Pharmacy Diabetes

Ertugliflozin /metformin

Name of Medicine
  • Ertugliflozin /metformin

Ertugliflozin /metformin is available in four strengths 

  • ERTUGLIFLOZIN /METFORMIN 2.5/500 containing 3.24 mg ertugliflozin pyroglutamic acid equivalent to 2.5 mg of ertugliflozin and 500 mg of metformin.
  • ERTUGLIFLOZIN /METFORMIN 2.5/1000 containing 3.24 mg ertugliflozin pyroglutamic acid equivalent to 2.5 mg of ertugliflozin and 1000 mg of metformin.
  • ERTUGLIFLOZIN /METFORMIN 7.5/500 9 containing .71 mg ertugliflozin pyroglutamic acid equivalent to 7.5 mg of ertugliflozin and 500 mg of metformin.
  • ERTUGLIFLOZIN /METFORMIN 7.5/1000 containing 9.71 mg ertugliflozin pyroglutamic acid equivalent to 7.5 mg of ertugliflozin and 1000 mg of metformin.
Key Practice Points
Therapeutic Indications:

ERTUGLIFLOZIN /METFORMIN (ertugliflozin and metformin) is indicated as an adjunct to healthy eating and physical activity to improve glycaemic management in adults with type 2 diabetes mellitus when treatment with both ertugliflozin and metformin is appropriate.

For the latest PBS indications for ERTUGLIFLOZIN /METFORMIN please see



ERTUGLIFLOZIN /METFORMIN should be taken twice daily with meals, with gradual dose escalation for those initiating metformin to reduce the gastrointestinal side effects due to metformin.

Starting dose of ERTUGLIFLOZIN /METFORMIN (ertugliflozin and metformin) should be Individualised based on the current regimen:

  • If an individual is on metformin, switch to ERTUGLIFLOZIN /METFORMIN tablets containing 2.5 mg

    ertugliflozin, with a similar total daily dose of metformin.

  • If an individual is already treated with ertugliflozin and metformin, switch to

    ERTUGLIFLOZIN /METFORMIN tablets containing the same total daily dose of ertugliflozin and a

    similar daily dose of metformin.

  • Dosing may be adjusted based on effectiveness and tolerability while not exceedingly the

maximum recommended daily dose of 15 mg ertugliflozin and 2,000 mg metformin.

  • Renal impairment

An eGFR should be assessed before initiation of treatment with metformin-containing

products and at least annually thereafter. In those at increased risk of further progression of

renal impairment and in the elderly, renal function should be assessed more frequently, e.g.,

every 3 – 6 months.

Initiation of ERTUGLIFLOZIN /METFORMIN is not recommended in those with an eGFR less than

45 mL/min/1.73 m2.

In individuals with an eGFR of 45 to less than 60 mL/min/1.73 m2, individually assess the risk

benefit as HbA1c reduction was only demonstrated in a post hoc analysis for ertugliflozin 15 mg.

Discontinue ERTUGLIFLOZIN /METFORMIN if the person’s eGFR falls persistently below 45 mL/min/1.73 m2.

The maximum daily dose of metformin should preferably be divided into 2 – 3 daily doses.


If no adequate strength of ERTUGLIFLOZIN /METFORMIN is available, individual mono-components should be used instead of the fixed-dose combination.

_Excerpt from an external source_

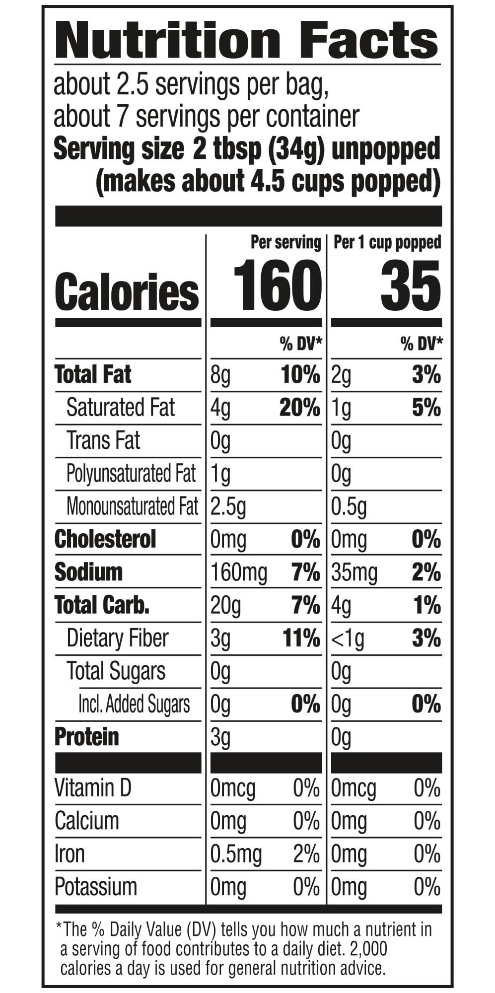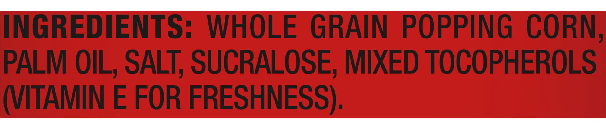 Ingredients: Whole Grain Popping Corn, Palm Oil, Salt, Sucralose, Mixed Tocopherols (Vitamin E for freshness), .

Discontinuation for iodinated contrast imaging procedures

Discontinue ERTUGLIFLOZIN /METFORMIN at the time of, or prior to, an iodinated contrast imaging procedure in those with an eGFR less than 60 mL/min/1.73 m2; in those with a history of liver disease, alcoholism, or heart failure; or in those who will be administered intraarterial iodinated contrast. Re-evaluate eGFR 48 hours after the imaging procedure; restart ERTUGLIFLOZIN /METFORMIN if renal function is acceptable.

  • Hepatic impairment

Use of metformin in individuals with hepatic impairment has been associated with some cases of lactic acidosis. ERTUGLIFLOZIN /METFORMIN is not recommended in those with hepatic impairment.


Ertugliflozin and metformin are eliminated in part by the kidney, and therefore, because the elderly are more likely to have decreased renal function, ERTUGLIFLOZIN /METFORMIN should be used with caution as age increases.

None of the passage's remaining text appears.